Slurm
This page contains all important information about the batch system Slurm, that you will need to run software. It does not contain every feature that Slurm has to offer. For that, please consult the official documentation and the man pages.
Submission of jobs mainly happens via the sbatch command using jobscript, but interactive jobs and node allocations are also possible using srun
or salloc
. Resource selecttion (e.g. number of nodes or cores) is handled via command parameters, or may be specified in the job script.
Partitions
To match your job requirements to the hardware you can choose among various partitions. Each partition has its own job queue. All available partitions and their corresponding walltime, core number, memory, CPU/GPU types are listed in Compute node partitions.
Parameters
Parameter | SBATCH flag | Comment |
---|---|---|
# nodes | -N <#> | |
# tasks | -n <#> | |
# tasks per node | #SBATCH –tasks-per-node <#> | Different defaults between mpirun and srun |
partition | -p <name> | example: standard96 ; check Compute Partitions |
# CPUs per task | -c <#> | interesting for OpenMP/Hybrid jobs |
Wall time limit | -t hh:mm:ss | |
–mail-type=ALL | See sbatch manpage for different types | |
Project/Account | -A | Specify project for NPL accounting |
Job Scripts
A job script can be any script that contains special instruction for Slurm. Most commonly used forms are shell scripts, such as bash or plain sh. But other scripting languages (e.g. Python, Perl, R) are also possible.
#!/bin/bash
#SBATCH -p medium40
#SBATCH -N 16
#SBATCH -t 06:00:00
module load impi
srun mybinary
The job scripts have to have a shebang line at the top, followed by the #SBATCH options. These #SBATCH comments have to be at the top, as Slurm stops scanning for them after the first non-comment non-whitespace line (e.g. an echo or variable declaration).

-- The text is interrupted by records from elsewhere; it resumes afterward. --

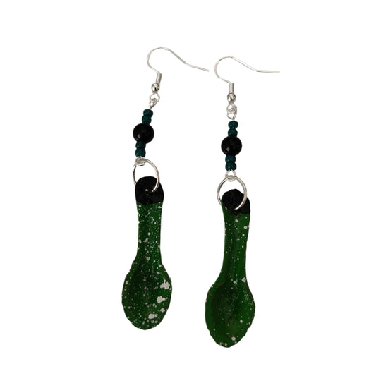 Earrings - Ceramic spoon with beads on silver hook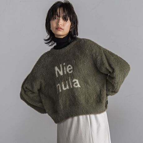 柔らかく心地良いシャギーニットでロゴを表現した、遊び心ある一枚。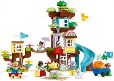 Odkryj przebudowywalny leśny raj na drzewie, który rośnie razem z dziećmi. Zbuduj trzystopniowy plac zabaw w koronach drzew z długą zjeżdżalnią i mostem linowym, zamień go w przytulny domek na drzewie na deszczowe dni albo stwórz dwa domki z ogrodem, w których za pomocą uroczej wciągarki będziesz podnosić owoce.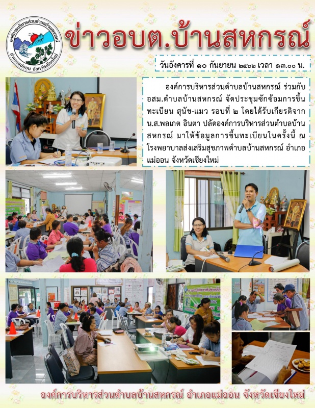 วันอังคารที่ 10 กันยายน 2562 องค์การบริหารส่วนตำบลบ้านสหกรณ์ร่วมกับอสม.ตำบลบ้านสหกรณ์ จัดประชุมซักซ้อมการขึ้นทะเบียน สุนัข-แมว รอบที่ 2 โดยได้รับเกียรติจาก น.ส.พลเกต อินตา ปลัดองค์การบริหารส่วนตำบลบ้านสหกรณ์ มาให้ข้อมูลการขึ้นทะเบียนในครั้งนี้ ณ โรงพยาบาลส่งเสริมสุขภาพตำบลบ้านสหกรณ์ อำเภอแม่ออน จังหวัดเชียงใหม่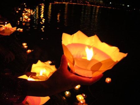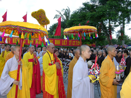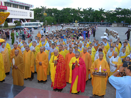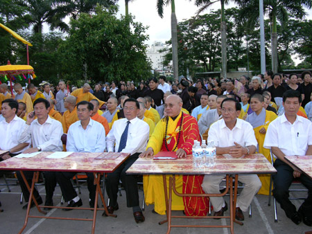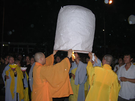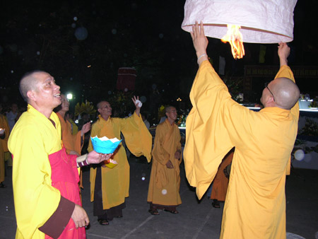 Tại buổi lễ, Tăng ni Phật tử, các vị lãnh đạo chính quyền thả bóng bay, chim hoà bình, phóng đăng 60 lồng đèn trời và cùng làm nghi thức rước 6000 ngọn nến để truyền Đăng thả hoa Đăng tại hồ An Biên.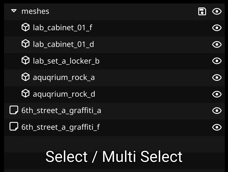 * `CTRL + LMB` : Make a multi-selection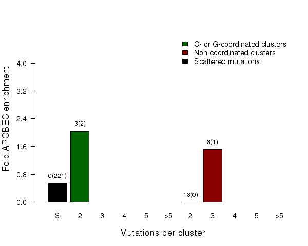 The presence of C- or G-coordinated clusters of closely spaced mutations. C- or G-coordinated mutation clusters contain stretches of mutations, each separated by <10,000 nt, that either occur only at cytosines or only in guanines of the same strand within a given cluster. Moreover, the probability of producing the spatial distribution of mutations in these clusters by random distribution of all the mutations estimated to occur within the genome is < 1E-4. C- or G-coordinated clusters are enriched with APOBEC signature mutations. The presence of such clusters supports a mechanism of mutagenesis via cytidine-specific lesions in transient stretches of ssDNA. Cluster analysis works the best for whole-genome sequence (WGS) data, but can have sufficient statistical power to be utilized with whole-exome sequencing (WES). The results of cluster analysis are shown on Figures 6–9.

More examples can be found in the How To Use section.
Important slurm commands
The commands normally used for job control and management are
Job submission:
sbatch
srunJob status of a specific job:
squeue -j jobID for queues/running jobs
$ scontrol show job jobID for full job information (even after the job finished).Job cancellation:
scancel jobID
scancel -i -u $USER cancel all your jobs (-u $USER) but ask for every job (-i)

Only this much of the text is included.